Maxime 10 : « Il y a dans le coeur humain une génération perpétuelle de passions, en sorte que la ruine de l’une est presque toujours l’établissement de l’autre. »
Maxime 26 : « Le soleil ni la mort ne se peuvent regarder fixement. »
Maxime 69 : « S’il y a un amour pur et exempt du mélange de nos autres passions, c’est celui qui est caché au fond du coeur, et que nous ignorons nous-mêmes. »
Maxime 76 : « Il est du véritable amour comme de l’apparition des esprits : tout le monde en parle, mais peu de gens en ont vu. »
Maxime 102 : « L’esprit est toujours la dupe du coeur. »
Maxime 136 : « Il y a des gens qui n’auraient jamais été amoureux s’ils n’avaient jamais entendu parler de l’amour. »
Maxime 209 : « Qui vit sans folie n’est pas si sage qu’il croit. »
Maxime 324 : « Il y a dans la jalousie plus d’amour-propre que d’amour. »
Maxime 422 : « Toutes les passions nous font faire des fautes, mais l’amour nous en fait faire de plus ridicules. »
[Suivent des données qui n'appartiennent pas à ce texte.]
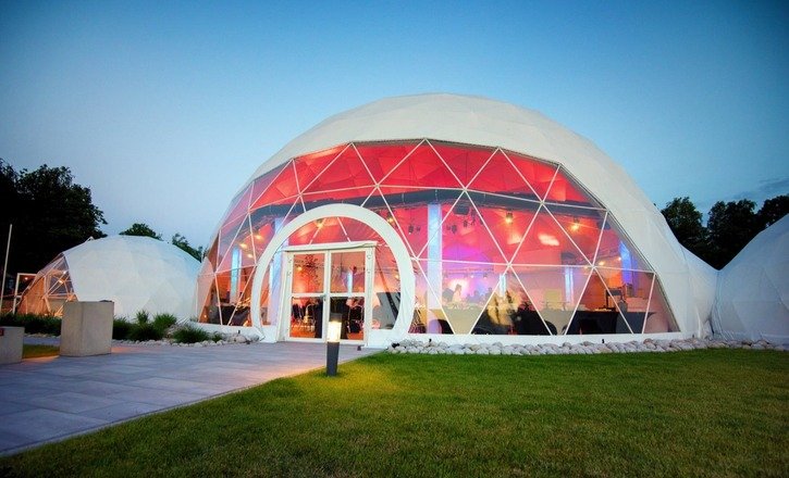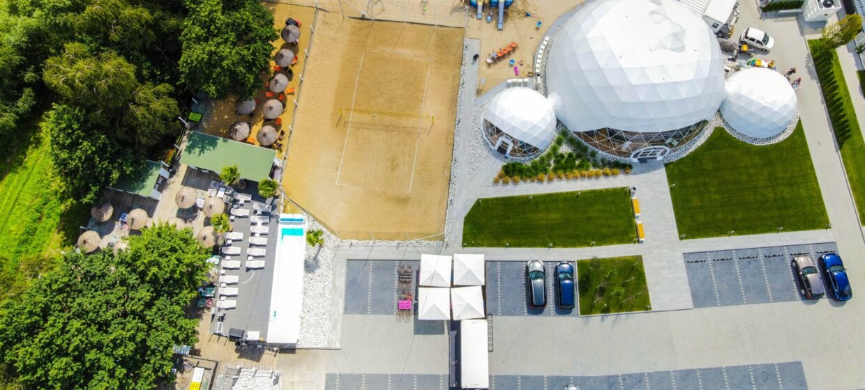 Obiektem od razu przykuwającym uwagę Gości Scandinavia Resort jest kopuła sferyczna, która rozciąga się nad przestronną salą eventową o powierzchni 300 m2. Zaprojektowana przez najlepszych architektów, jest odzwierciedleniem proporcji naszej planety. Unikatowa konstrukcja zapewnia wysoki poziom przepływu energii, co ma przełożenie na pozytywne samopoczucie osób znajdujących się w środku. Gwarantuje również wyjątkowy charakter każdego organizowanego tu wydarzenia.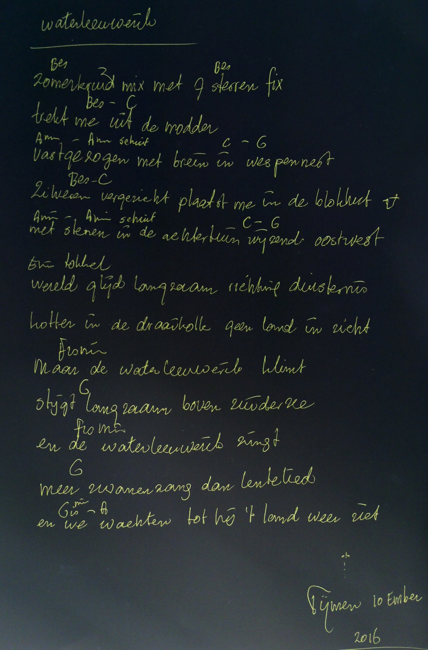 MOEDEROOG menswolf blaft me weg naar Uddel naar aarden wal en grijze jagers riddle als natuurlijk middel hier wil ik staan vandaag hier wil ik zijn licht laat ons langzaam in de steek luister naar het duister in deze laatste week van het meer naar de zee via lange beek ik kom weer terug wanneer het donker wijkt ik kom weer terug wanneer de zon weer schijnt ik kom weer terug wanneer het duister wijkt ik kom weer terug wanneer de zon weer schijnt moederoog 16 meter diep |

Maxime 435 : « La fortune et l’humeur gouvernent le monde. »
Bio rapide et liens
François duc de La Rochefoucauld, né en 1613 et mort en 1680, est un des grands noms de la littérature du second XVIIe siècle. Cet homme de lettres issu de la noblesse a également participé à la Fronde, s’opposant ainsi férocement à Mazarin.
Les Maximes et Réflexions diverses sont l’oeuvre la plus célèbre de l’auteur qui a également rédigé ses Mémoires. La Rochefoucauld s’inscrit dans la lignée des moralistes du grand siècle tels que Pascal, Pierre Nicole et La Bruyère.